◆ WHAT NEEDS TO BE DONE ◆
When writing out the entries below, keep only the lines from the line with "CBSE Affiliation No." to the line with "The lavender to", both included, exactly as they are, and leave the pictures aside.

◆ INFORMATION ◆
....

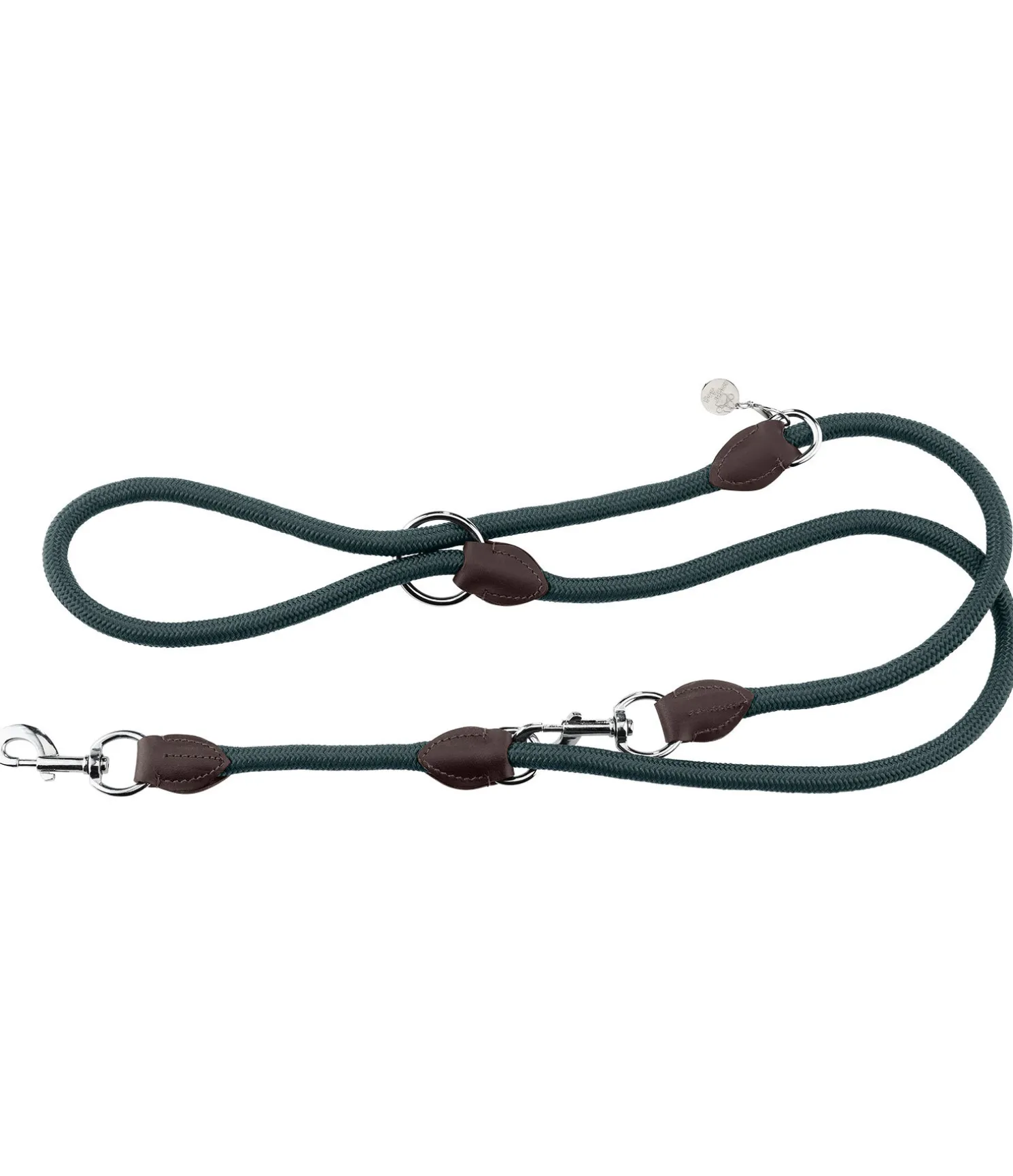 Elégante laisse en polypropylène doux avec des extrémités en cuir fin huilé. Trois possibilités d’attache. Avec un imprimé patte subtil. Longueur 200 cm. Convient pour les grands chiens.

....

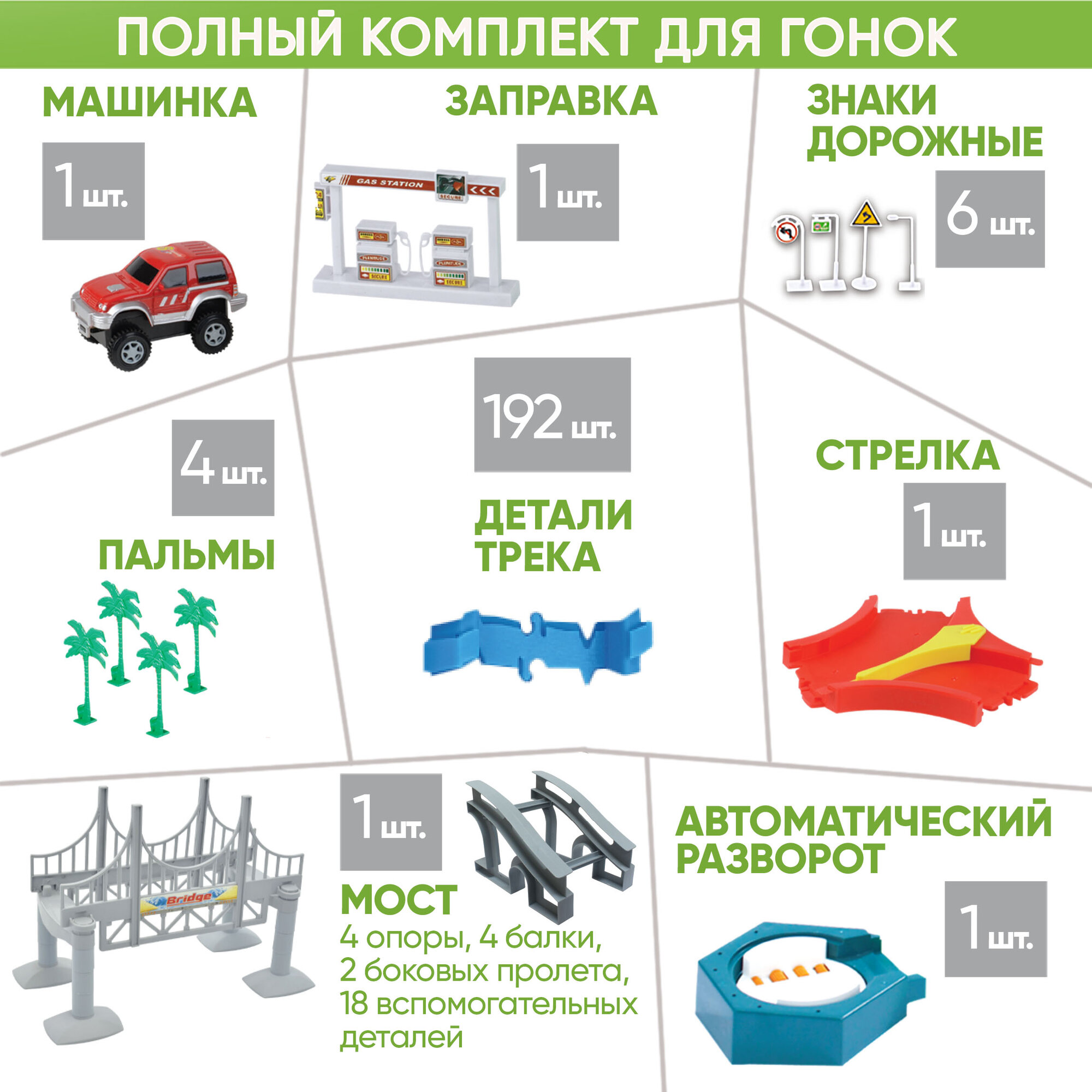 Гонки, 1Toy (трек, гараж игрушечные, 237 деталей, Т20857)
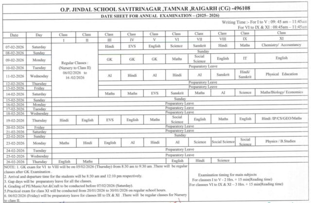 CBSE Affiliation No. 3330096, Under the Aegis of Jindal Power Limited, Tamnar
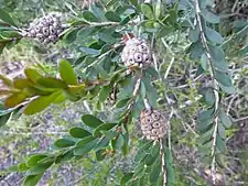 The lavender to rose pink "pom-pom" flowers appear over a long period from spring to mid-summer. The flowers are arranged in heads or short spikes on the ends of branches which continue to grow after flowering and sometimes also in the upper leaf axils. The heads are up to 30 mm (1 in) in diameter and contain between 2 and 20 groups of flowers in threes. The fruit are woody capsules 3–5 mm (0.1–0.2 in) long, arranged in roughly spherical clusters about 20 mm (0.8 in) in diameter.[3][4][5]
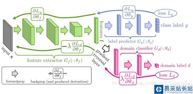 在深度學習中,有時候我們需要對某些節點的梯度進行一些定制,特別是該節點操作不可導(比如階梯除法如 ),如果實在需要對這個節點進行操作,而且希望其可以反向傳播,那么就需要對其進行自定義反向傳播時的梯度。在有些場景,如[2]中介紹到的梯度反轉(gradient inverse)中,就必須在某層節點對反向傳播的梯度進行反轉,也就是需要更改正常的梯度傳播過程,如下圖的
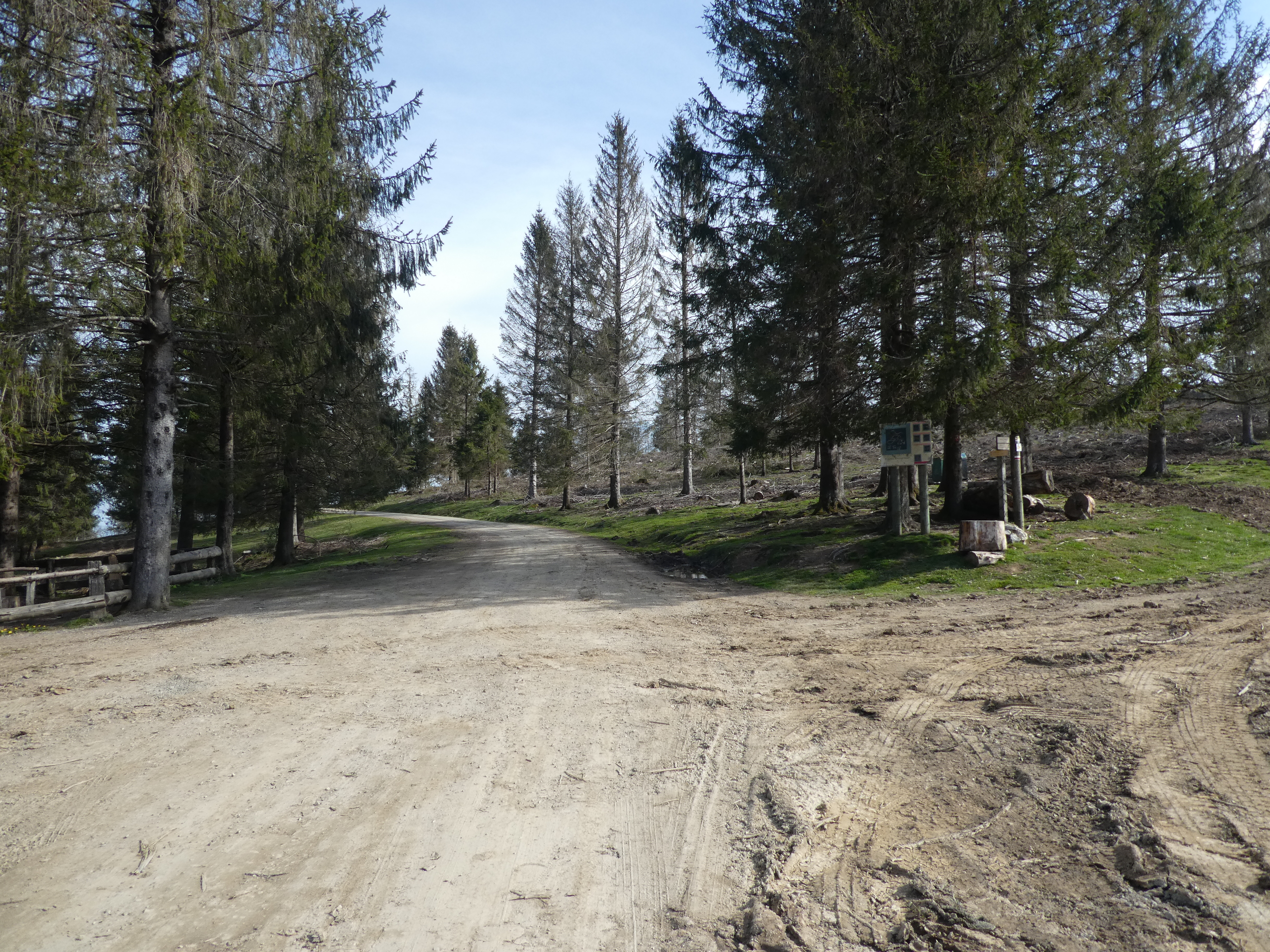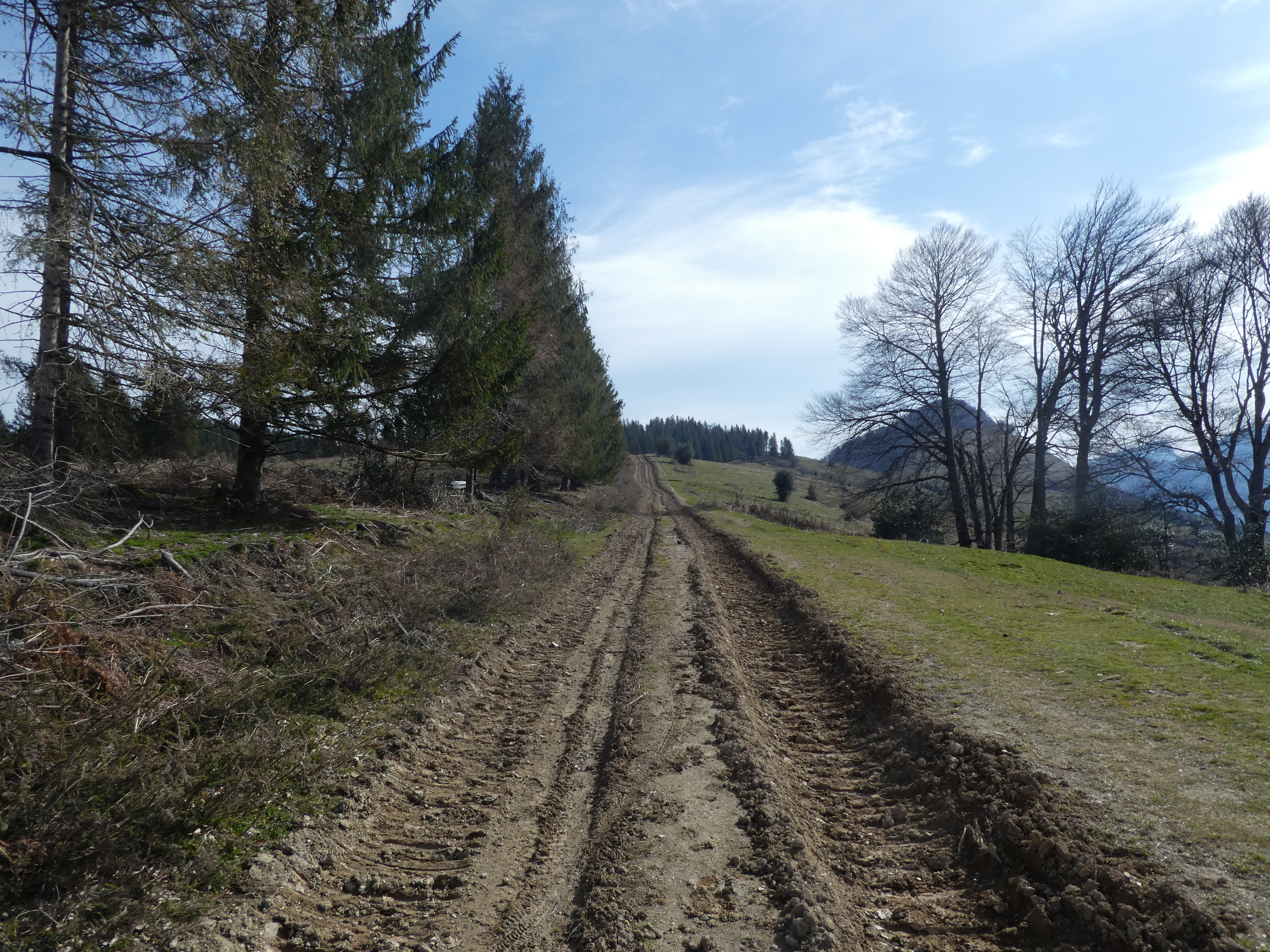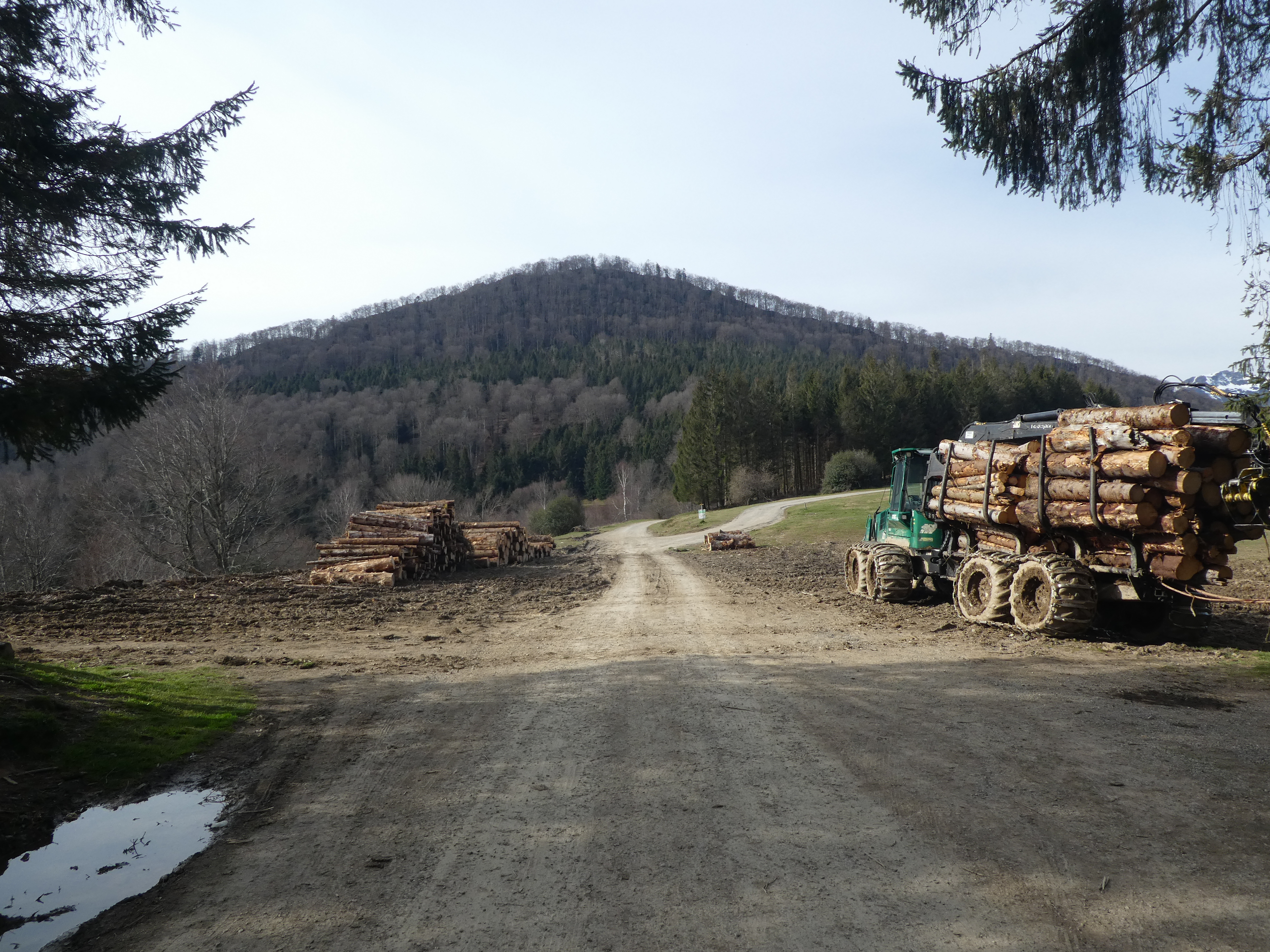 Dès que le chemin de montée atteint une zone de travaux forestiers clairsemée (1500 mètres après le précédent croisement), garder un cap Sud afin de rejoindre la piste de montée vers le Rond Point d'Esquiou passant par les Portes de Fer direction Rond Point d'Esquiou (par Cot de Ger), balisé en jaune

....

◆ OUTPUT BELOW ◆
 CBSE Affiliation No. 3330096, Under the Aegis of Jindal Power Limited, Tamnar
 The lavender to rose pink "pom-pom" flowers appear over a long period from spring to mid-summer. The flowers are arranged in heads or short spikes on the ends of branches which continue to grow after flowering and sometimes also in the upper leaf axils. The heads are up to 30 mm (1 in) in diameter and contain between 2 and 20 groups of flowers in threes. The fruit are woody capsules 3–5 mm (0.1–0.2 in) long, arranged in roughly spherical clusters about 20 mm (0.8 in) in diameter.[3][4][5]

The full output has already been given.